Macroderma malugara

Scientific classification
- Kingdom: Animalia
- Phylum: Chordata
- Class: Mammalia
- Order: Chiroptera
- Family: Megadermatidae
- Genus: Macroderma
- Species: †M. malugara
- Binomial name: †Macroderma malugara Hand, 1996

= Macroderma malugara =

- Genus: Macroderma (bat)
- Species: malugara
- Authority: Hand, 1996

Species of bat

Macroderma malugara is a species of bat known from fossil material found in Australia. The name describes a 'good killer' in the local language, and was similar in size and probably habits of the modern Macroderma gigas (known as the ghost bat). They ate a wide variety of animals in their rainforest environment, including birds, turtles, small crocodiles and other bats.

==Taxonomy==
Macroderma malugara was described by the Australian palaeontologist Suzanne Hand in 1996. The author placed the new species in the genus Macroderma, recognising an affinity with the only extant species Macroderma gigas (ghost bat).
The type location is the Gotham City Site at the Riversleigh World Heritage Area.
The specific epithet malugara is derived from the indigenous Wanyi language and means 'good killer'.

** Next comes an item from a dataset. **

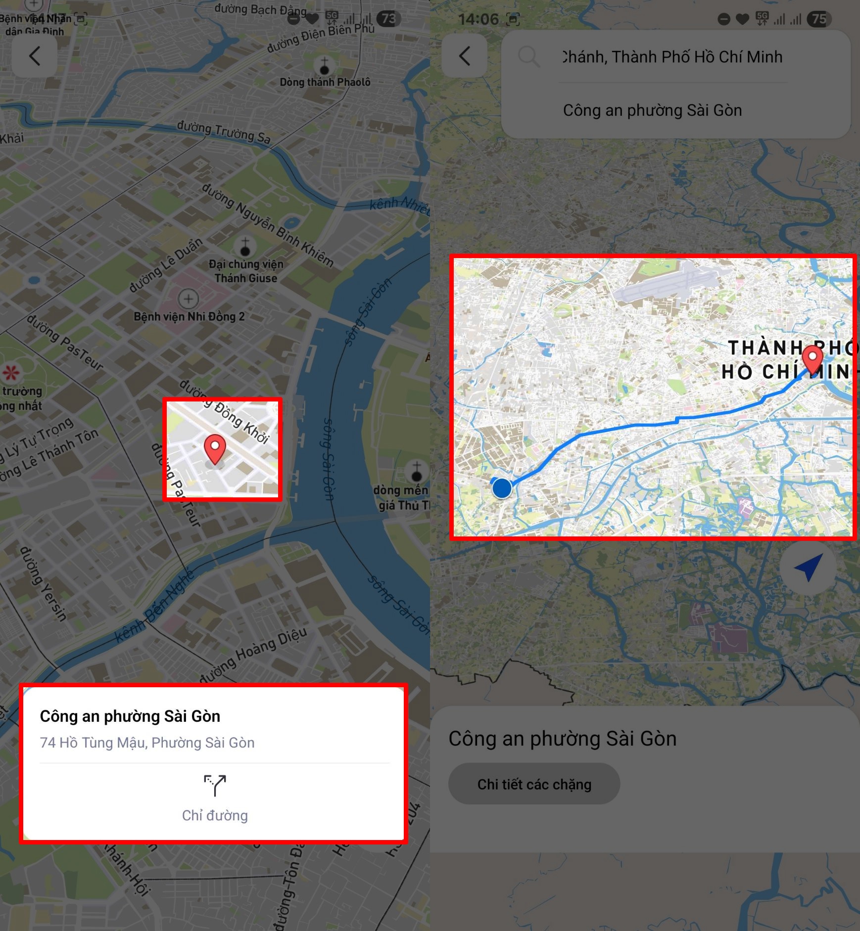Bước 4: Nhấn vào địa chỉ cơ quan công an phường mà bạn muốn tìm hiểu để xem chi tiết thông tin như tên đầy đủ, số điện thoại, địa chỉ cụ thể. Nếu bạn muốn di chuyển đến cơ quan công an, hãy nhấn vào mục Chỉ đường. Ứng dụng sẽ tự động mở bản đồ và dẫn đường để bạn dễ dàng đến đúng địa điểm.

The species is megadermatid of the suborder Microchiroptera within superfamily Rhinolophoidea.

==Description==
The species is a member of the family Megadermatidae, carnivorous microchiropterans known as false vampire bats whose prey includes vertebrate animals.
Macroderma malugara was around the size of the modern species, Macroderma gigas, but distinguished by characteristics that include the dentition. They appear to exhibit less shortening of the face, a trend that is discernible in the megadermatids that occur from the Oligo-Miocene until the present at Riversleigh sites; the change in the structure of the snout allowed greater pressure to be exerted by the jaws.

==Distribution==
Specimens have been found in the Riversleigh fossil-bearing formations, at sites classified as middle Miocene (Faunal Zone C).
The site of its discovery contains fossilised fragments of local fauna, which in analysis are consistent with a midden created the modern species. The species recorded at the former floor of the Gotham City site are a diverse assemblage of remains, and included animals that are only recorded at other sites, indicating they were captured some distance away and returned to what was its feeding roost.